The hydrographic system of Monza is centred on the Lambro River, which crosses the city from north to south and constitutes one of the main tributaries of the Po River.

Within the urban area, the river divides into branches, including the artificial channel known as the Lambretto. This channel, created in the medieval period, served both defensive and hydraulic functions, regulating water flow and supporting fortifications.

The Canale Villoresi, constructed in the late 19th century, crosses the northern part of the municipal territory from west to east. It forms part of a large irrigation network designed to support agricultural activity in Lombardy.

The hydrographic network also includes minor streams, irrigation channels and artificial waterways, reflecting centuries of human intervention in water management.
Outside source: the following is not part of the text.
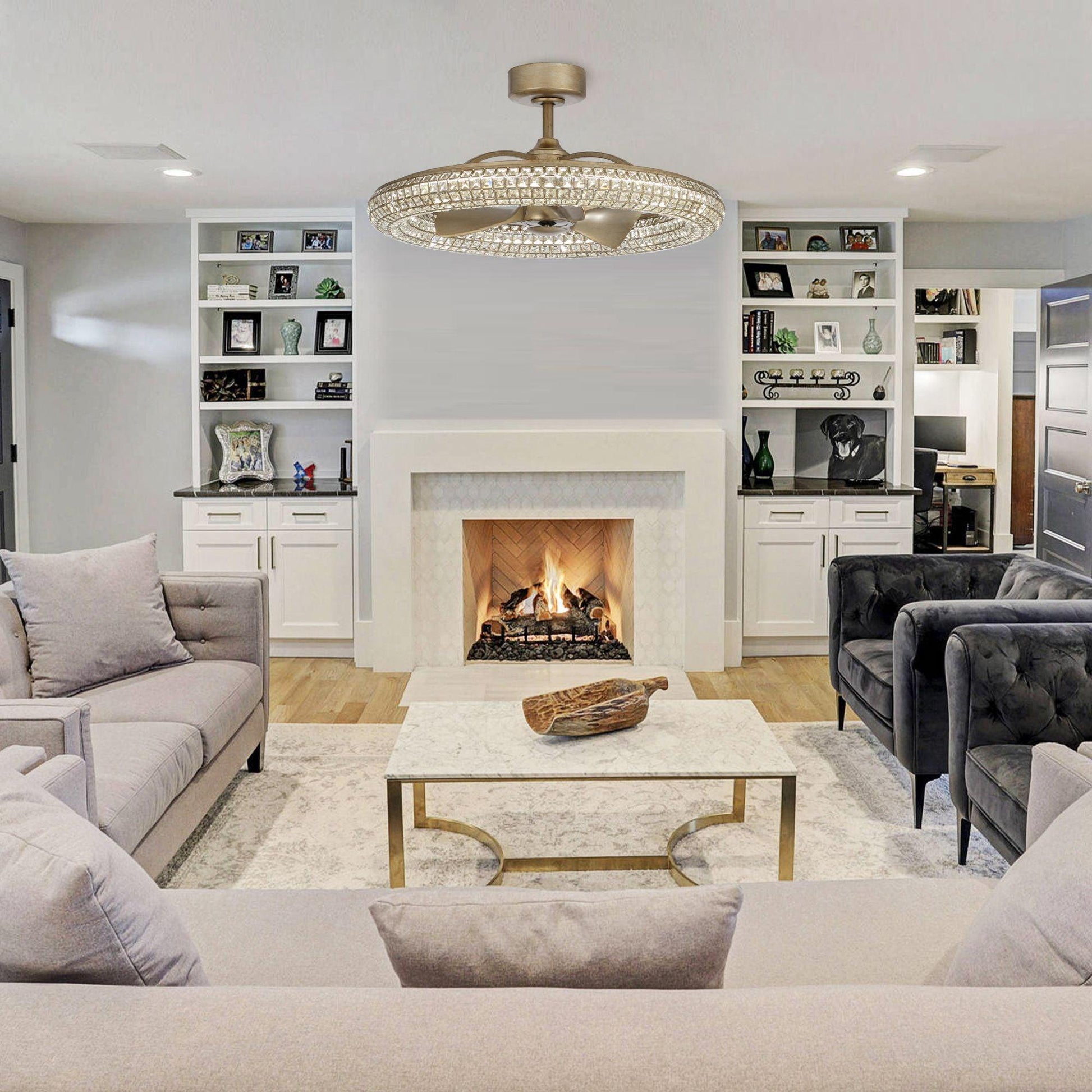33" Modern DC Motor Crystal Ceiling Fan with Lighting and Remote Control

These systems have shaped both the landscape and the historical development of the city.

=== Climate ===

The Royal Gardens in autumn

Monza has a humid subtropical climate (Köppen classification Cfa), typical of the central Po Valley. The climate is influenced by continental conditions, limited air circulation and proximity to the Alps.

Winters are relatively cold, with frequent fog and temperature inversions, although these phenomena have decreased in recent decades due to urbanisation. Average temperatures in January are around 2 C.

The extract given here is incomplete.